In diesen Jahren hatte ich jedoch immer wieder Zwischenerfolge wie, dass ich sogar im 2002 noch an die Junioren WM in Bala (Wales) mitgenommen wurde (da bin ich der FAKO Abfahrt heute noch dankbar über diesen Entscheid), einigen Schweizermeistertitel in der Mannschaft und und und. Irgendwie fand ich aber nie zurück zu alter Stärke und resignierte. Ich betätigte mich in dieser Zeit als Assistenz Trainer der Junioren Nationalmannschaft und als Nachwuchsverantwortlicher des Schweizer Kanu Verbandes für die Wildwasser Abfahrt.
2007 begleitete ich die Junioren an die WM in Carolina nach meinem Abschluss für den medizinischen Masseur (wurde via Invalidenversicherung vom Schreiner zum med.
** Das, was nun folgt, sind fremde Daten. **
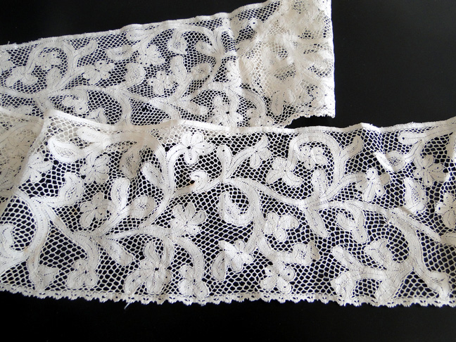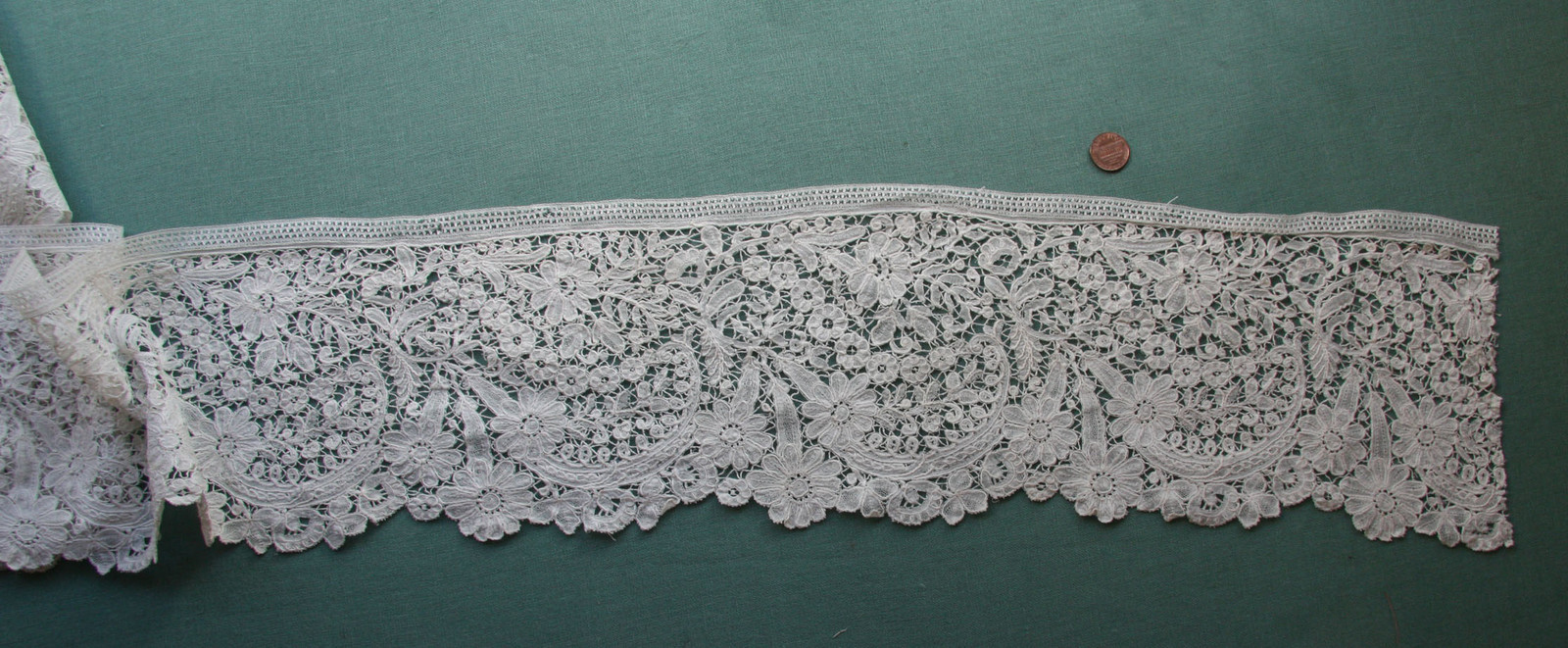 Comments: A Duchesse border, reasonable width and very nice length. No Point de Gaze inserts, and a few simple needlelace fillings in flower centers. This has a conventional pattern, nicely worked. Seller cites a few breaks, minor, basically very good condition.

Masseur umgeschult infolge der Kniebeschwerden). Gegen Schluss von diesem Trip, kam mir der Gedanke…..hey was die können kann ich schon lange und ich bin ja wieder praktisch gesund…..
Gesagt getan und ich arbeitete 1 ½ Jahre daran, reduzierte mein Arbeitspensum, professionalisierte Stück für Stück die Ernährung/Trainer/Mentalbereiche und schaffte es doch tatsächlich wieder zurück in die Nationalmannschaft.
Dies war wohl einer meiner emotionalsten Momente als ich mit der Schweizer Flagge einlaufen durfte an der EM 2009 in Italien. Ich heulte vor lauter Freude fast täglich im Hotel und genoss die Zeit mit meinem Bruder Fabio der extra vor dem definitiven Wechsel in die Kanu Regatta noch einmal mit kam um mich zu begleiten. Danke Fabio!!!!
Meine Freunde: ich hatte am Wintercup in Brugg 2002 mit Tränen im Gesicht versprochen dass ich wieder zurück komme und es schaffen werde…und da bin ich wieder!!!
Ich möchte Euch allen von ganzem Herzen danken dass ihr mich durch diese vielen schweren Momente getragen, mir Kraft gegeben und mich wieder aufgestellt habt als ich auf allen vieren gelaufen bin.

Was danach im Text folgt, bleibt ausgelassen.